Basic Balanced Split

# Balance a vector file and split into 90% train / 10% validation
balancevectors.sh in=variants.tsv outtrain=train.tsv outval=val.tsv

Uses all defaults: 30% positive target, 10% held out for validation, artifact category axes enabled, composite score zeroed, seed 42. Prints category counts, enriched negative count, representative fill count, and final positive fraction to stderr.

Higher Positive Fraction with Custom Seed

# 40% positives, 15% validation hold-out, reproducible with a different seed
balancevectors.sh in=variants.tsv outtrain=train.tsv outval=val.tsv \
    posfraction=0.4 valfraction=0.15 seed=1234

Use a higher posfraction when the dataset has very few positives and you want to reduce the training imbalance further. A different seed is useful for cross-validation experiments to verify that results are not seed-dependent.

Simple Random Sampling Without Artifact Axes

# Disable stratified enrichment entirely for a flat random negative sample
balancevectors.sh in=variants.tsv outtrain=train.tsv outval=val.tsv enrich=f

# Enrichment on but artifact axes off (use only type/depth/score/length axes)
balancevectors.sh in=variants.tsv outtrain=train.tsv outval=val.tsv newcats=f

enrich=f turns off all stratified sampling; negatives are drawn uniformly at random. newcats=f keeps the standard enrichment axes but drops the four artifact axes, which reduces the number of category buckets and raises the per-bucket quota.

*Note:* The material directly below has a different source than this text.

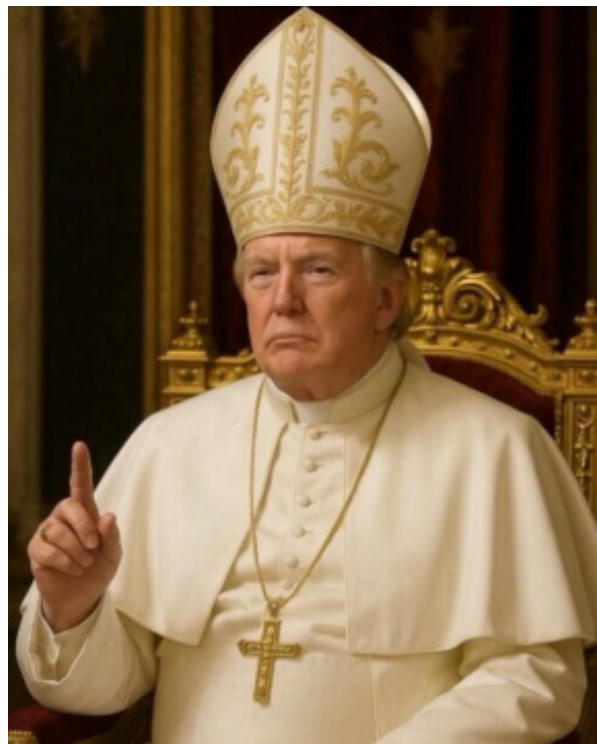
GNS News Agency, May 7 U.S. President Donald Trump posted a spoof picture of himself dressed as the pope on his Truth Social platform after joking that he would like to be the next Catholic pontiff. The president is seen in

Both options are useful baselines for ablation studies.

Algorithm Details

Category Axes

BalanceVectors builds category keys from the VectorUMP45 33-feature layout. Each negative can appear in multiple buckets simultaneously; the enrichment pass deduplicates chosen indices so a single vector is never double-counted.

Existing axes (always used when enrich=t):

Artifact axes (used when newcats=t, sampled at newweight × base quota):

Sampling Procedure

Within each category bucket the tool applies a partial Fisher-Yates shuffle (Knuth) to draw up to quota indices uniformly without replacement. Because each negative index can appear in many buckets, a global chosen[] boolean array ensures that the total enriched set contains distinct vectors. The representative fill then draws uniformly from all unchosen negatives using another partial shuffle, pinning the final positive fraction to posfraction.

Score Column Zeroing

With noscore=t (default), column 29 (the CallVariants composite score) is replaced with the literal character 0 on output. The zeroing is done at the byte level during the write pass — no floating-point parsing — so the remainder of each line is reproduced exactly. This is the recommended setting when training a replacement scoring model: the network cannot shortcut learning by copying a preexisting signal.